### Aim of the exercise
The expected result is an exact restatement of the data, free of pictures.

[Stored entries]
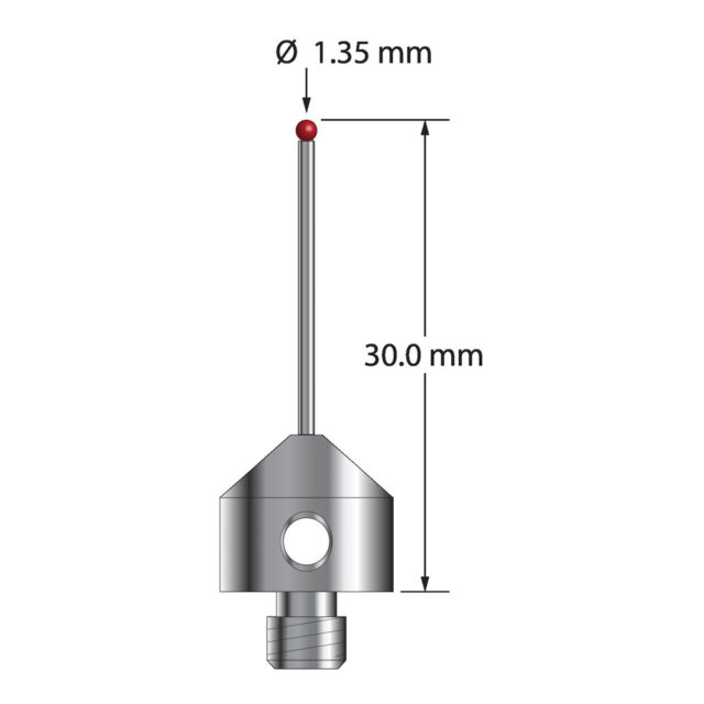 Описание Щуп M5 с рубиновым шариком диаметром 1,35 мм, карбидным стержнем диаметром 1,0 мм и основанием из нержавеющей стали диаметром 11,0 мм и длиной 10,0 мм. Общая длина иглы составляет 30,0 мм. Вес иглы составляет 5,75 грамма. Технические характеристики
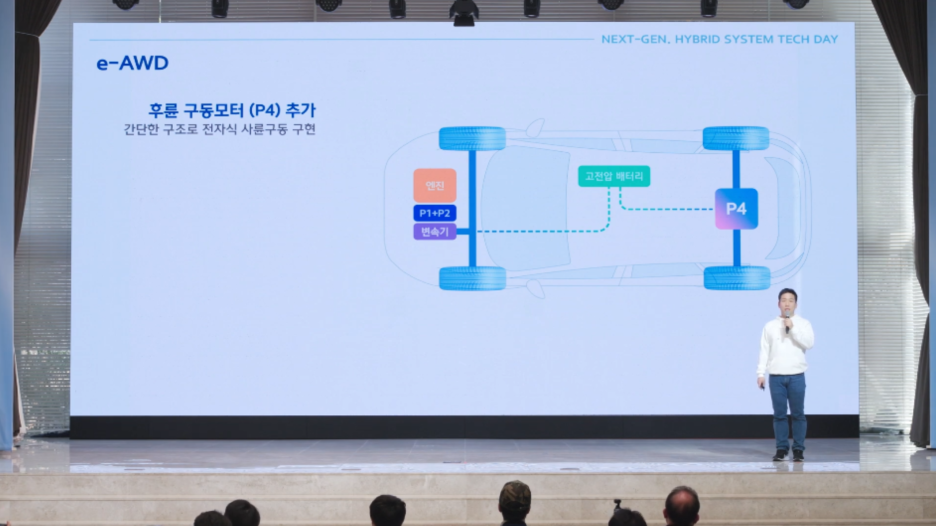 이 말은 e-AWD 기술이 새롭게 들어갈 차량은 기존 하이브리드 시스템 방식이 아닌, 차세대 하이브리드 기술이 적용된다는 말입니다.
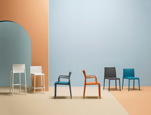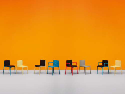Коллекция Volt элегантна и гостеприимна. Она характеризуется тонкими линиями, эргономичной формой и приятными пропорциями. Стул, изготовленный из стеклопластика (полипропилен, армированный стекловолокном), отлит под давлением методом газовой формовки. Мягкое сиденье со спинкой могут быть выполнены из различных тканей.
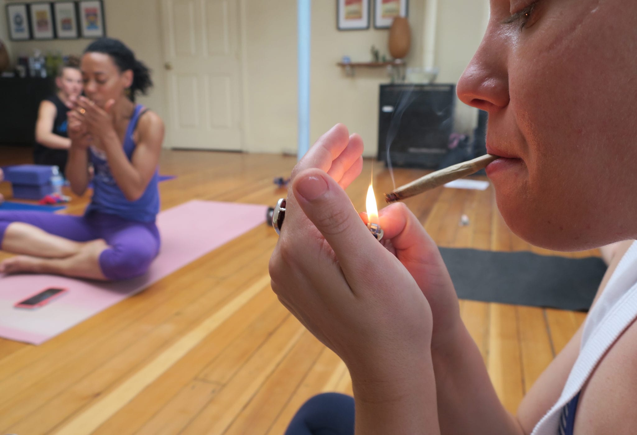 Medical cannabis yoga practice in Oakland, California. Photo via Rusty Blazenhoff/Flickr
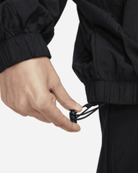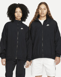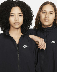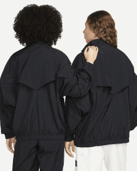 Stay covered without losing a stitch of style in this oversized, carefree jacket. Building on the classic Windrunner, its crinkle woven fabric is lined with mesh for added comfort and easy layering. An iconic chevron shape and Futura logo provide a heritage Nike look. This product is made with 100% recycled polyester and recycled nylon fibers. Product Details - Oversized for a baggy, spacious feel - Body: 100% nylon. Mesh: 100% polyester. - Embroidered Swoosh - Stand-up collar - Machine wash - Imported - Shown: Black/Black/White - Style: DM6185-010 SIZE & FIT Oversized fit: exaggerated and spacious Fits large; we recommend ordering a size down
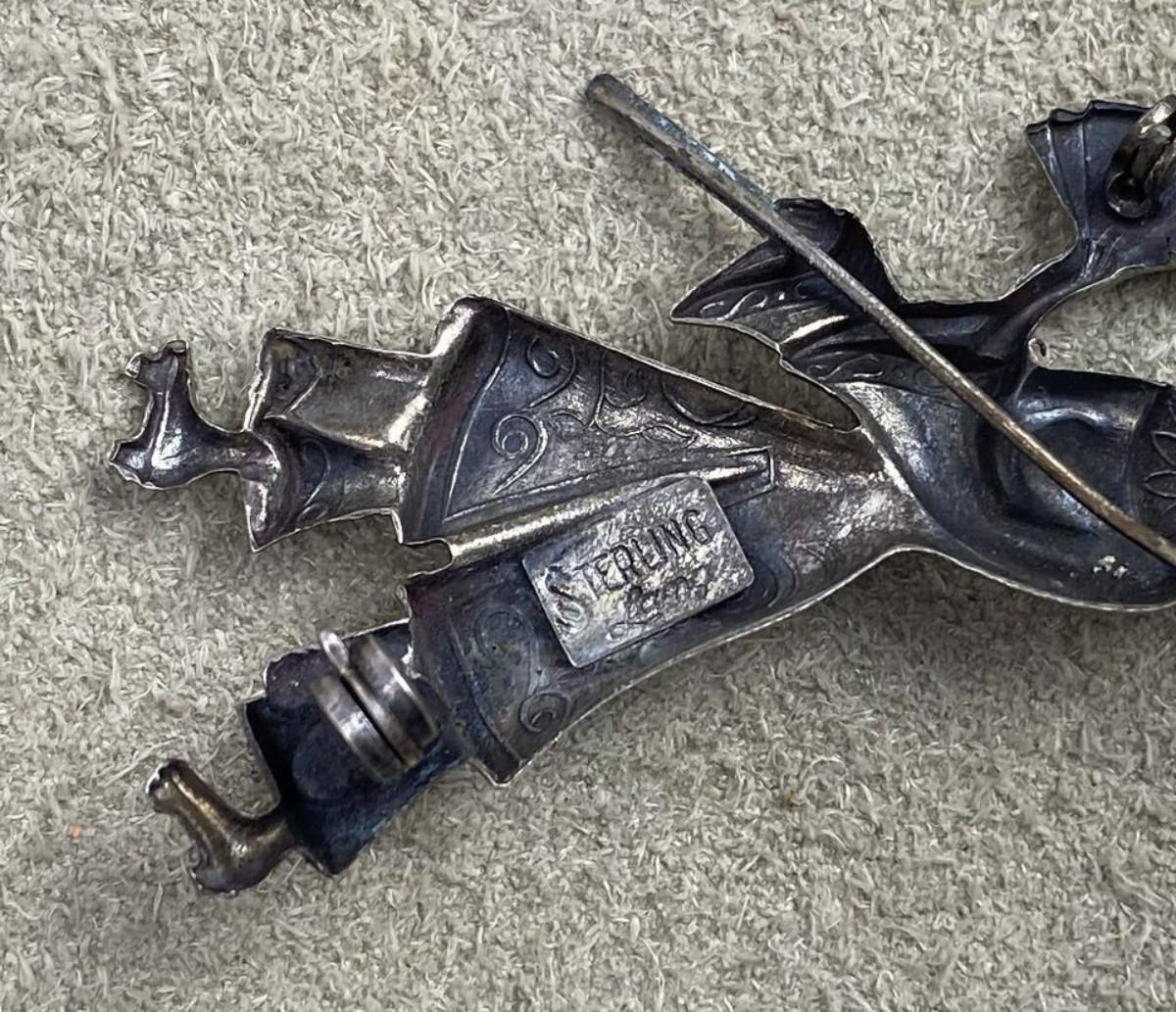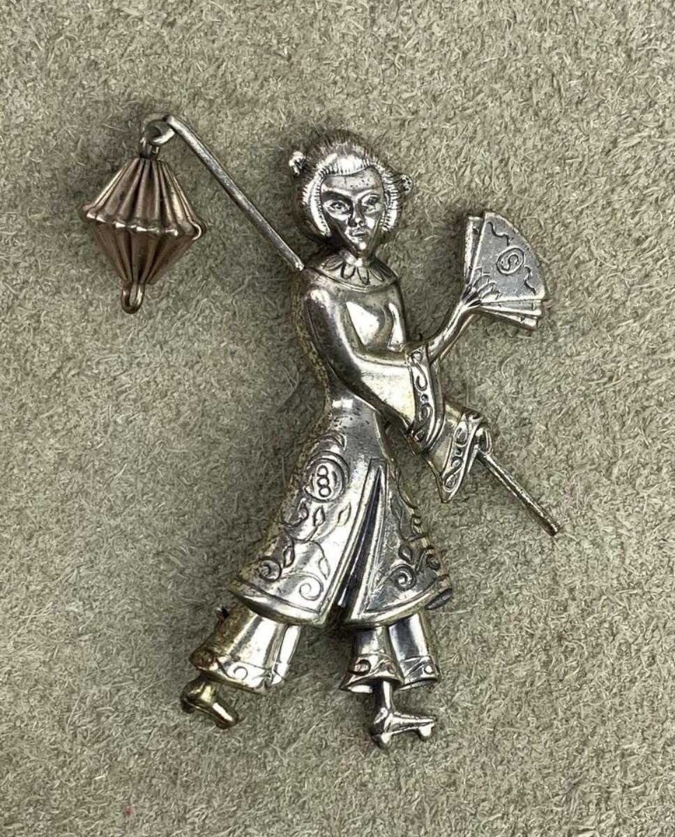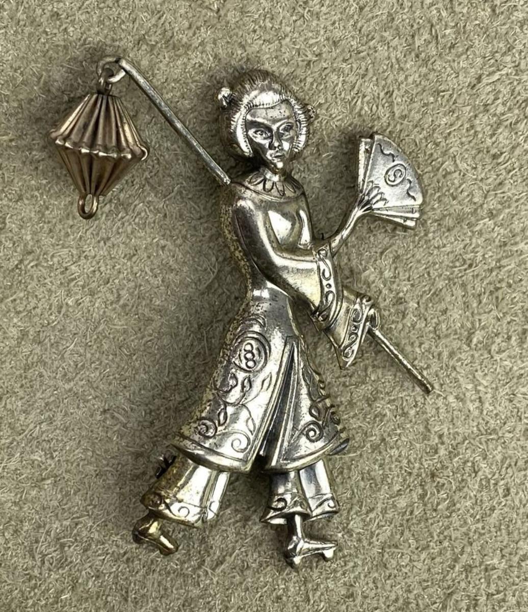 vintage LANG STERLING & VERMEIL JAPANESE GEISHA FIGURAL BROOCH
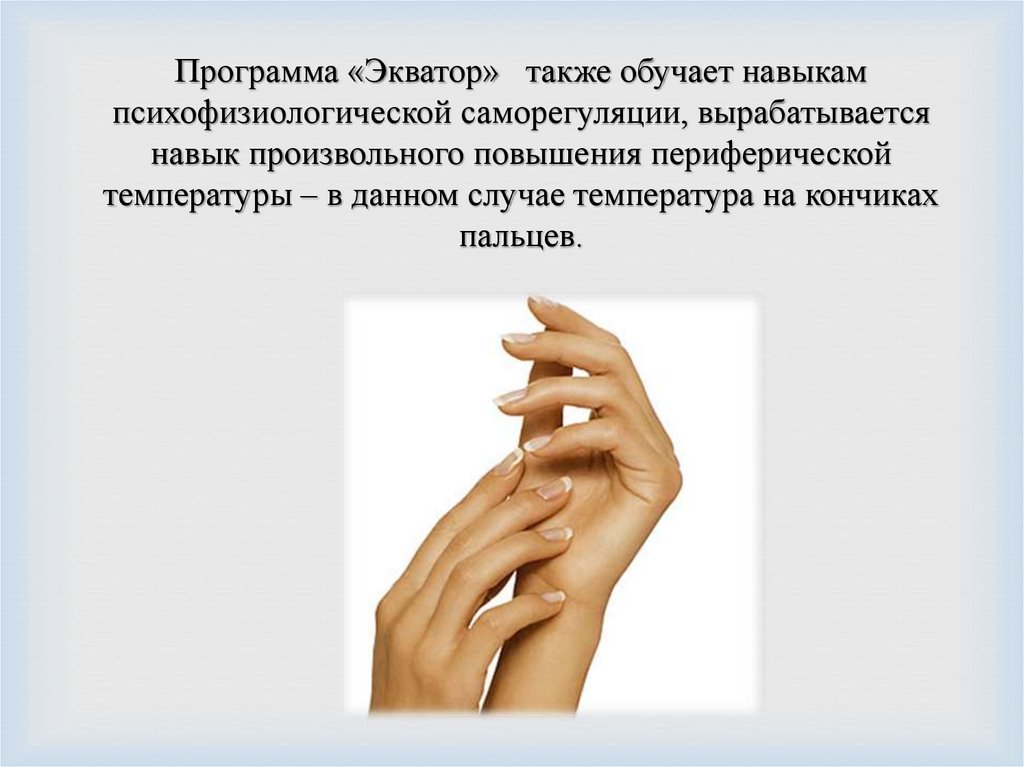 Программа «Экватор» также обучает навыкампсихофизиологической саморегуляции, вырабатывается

### Response to the task
 Описание Щуп M5 с рубиновым шариком диаметром 1,35 мм, карбидным стержнем диаметром 1,0 мм и основанием из нержавеющей стали диаметром 11,0 мм и длиной 10,0 мм. Общая длина иглы составляет 30,0 мм. Вес иглы составляет 5,75 грамма. Технические характеристики
 이 말은 e-AWD 기술이 새롭게 들어갈 차량은 기존 하이브리드 시스템 방식이 아닌, 차세대 하이브리드 기술이 적용된다는 말입니다.
Коллекция Volt элегантна и гостеприимна. Она характеризуется тонкими линиями, эргономичной формой и приятными пропорциями. Стул, изготовленный из стеклопластика (полипропилен, армированный стекловолокном), отлит под давлением методом газовой формовки. Мягкое сиденье со спинкой могут быть выполнены из различных тканей.
 Medical cannabis yoga practice in Oakland, California. Photo via Rusty Blazenhoff/Flickr
 Stay covered without losing a stitch of style in this oversized, carefree jacket. Building on the classic Windrunner, its crinkle woven fabric is lined with mesh for added comfort and easy layering. An iconic chevron shape and Futura logo provide a heritage Nike look. This product is made with 100% recycled polyester and recycled nylon fibers. Product Details - Oversized for a baggy, spacious feel - Body: 100% nylon. Mesh: 100% polyester. - Embroidered Swoosh - Stand-up collar - Machine wash - Imported - Shown: Black/Black/White - Style: DM6185-010 SIZE & FIT Oversized fit: exaggerated and spacious Fits large; we recommend ordering a size down
 vintage LANG STERLING & VERMEIL JAPANESE GEISHA FIGURAL BROOCH
 Программа «Экватор» также обучает навыкампсихофизиологической саморегуляции, вырабатывается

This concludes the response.